The granting of a stay is intended to be a radical and "last step" measure. This is because the granting of a stay has many negative effects. Society has an interest in having criminal cases heard and decided; this is especially so for serious high profile crimes. Innocent accused have an interest in clearing their names at a trial. Victims of crime have a need to seek the closure only a substantive hearing can provide.
A stay is not to be granted so as to punish the Crown for administrative failings; the issue is too important to allow a stay for delay to be a case management tool.
This last point was made clear in this week's decision in R. v. Hussey, 2008 ONCA 86.
The accused was charged on September 2004 with sexual assault -- a very serious offence and the sort of offence that society has a very strong interest in resolving. He was committed for trial in the Superior Court in September 2005 after a preliminary inquiry. A trial date of March 13, 2006 was fixed in November 2005. The trial was scheduled for five days.
On the scheduled trial date, no trial court was available and the appellant's trial could not proceed. The trial was adjourned to November 20, 2006. Defence counsel did not oppose the adjournment. He did, however, make it clear that he was preserving his client's rights under s. 11(b) of the Charter. There is no indication as to whether either counsel requested an earlier date from the trial coordinator. The presiding judge did not comment on the length of the adjournment.
On November 20, 2006, the case came on for trial before the same judge who had adjourned it on March 13, 2006. That judge concluded that there had been a violation of s. 11(b) of the Charter and stayed the sexual assault charge.
In his reasons, the trial judge fixed almost exclusively on the adjournment in March 2006. That adjournment resulted in an eight month institutional delay. The trial judge stressed the failure to give this case any priority when the trial had to be rescheduled. He referred to the absence of any administrative scheme to prioritize cases that were not reached on the first trial date. The trial judge was also critical of the Crown and the administrative staff's failure to give effect to observations he had made in a case several years earlier. That case addressed delay occasioned by the need to reschedule a trial.
While important the trial judge's comments did not address the real issues for a stay. The Court of Appeal said:
[6] Reading the reasons as a whole, we are satisfied that the trial judge effectively granted a stay because he was not satisfied with the Crown's approach to the adjournment request in March 2006. In doing so, the trial judge failed to give any weight to considerations that are important in the s. 11(b) analysis. These are first, the societal interest in a trial on the merits. That interest is particularly significant where, as here, an accused is charged with a very serious offence. Second, the trial judge failed to consider the absence of any prejudice caused by the delay to the respondent's fair trial right and the minimal prejudice caused to his liberty interest by the terms of his bail.

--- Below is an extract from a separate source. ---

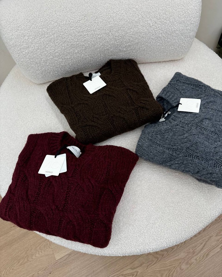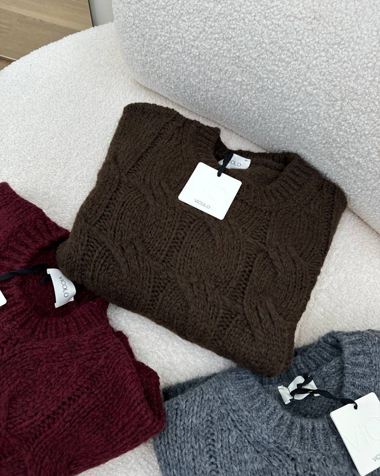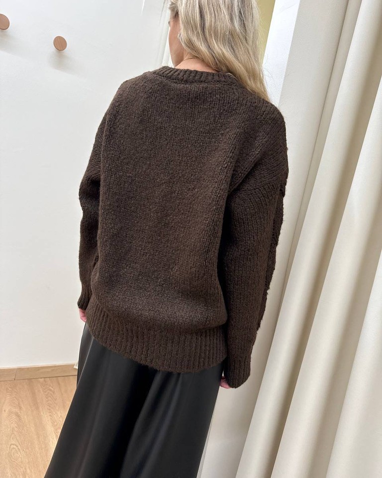 Maglione girocollo trecce moro Vicolo

[7] As the trial judge failed to conduct the Morin analysis, we do so and conclude as follows:
• the total passage of time from the laying of the charge to the trial date, twenty-six months, is sufficiently long to trigger a consideration of all of the s. 11(b) factors;
• institutional delay accounts for about five and a half months in the Ontario Court of Justice and about twelve months in the Superior Court for a total of just under eighteen months of institutional delay; and
• the other delays are delays inherent in the case (e.g. intake periods) and one adjournment of some two months during the preliminary inquiry that was mutually agreed on by counsel. These delays in total account for eight months.
[8] Having regard to the administrative guidelines outlined in Morin for institutional delay, this case is on the borderline of unreasonable delay. Where cases are approaching or are at the unreasonable delay limit, it is important that trial judges balance the factors that the trial judge ignored in this case.
[9] The allegation was a very serious one and the public had a keen interest in a trial on the merits. This public interest should have been explicitly taken into account by the trial judge.
[10] While the accused suffered the same prejudice that all accused suffer when their case progresses slowly through the system, the appellant suffered no additional prejudice as a result of the delay.
[11] Having regard to the absence of any prejudice, beyond that experienced by all accused, and the important public interest in a trial on the merits, we hold that the delay in this case, while far from ideal, was not unconstitutional.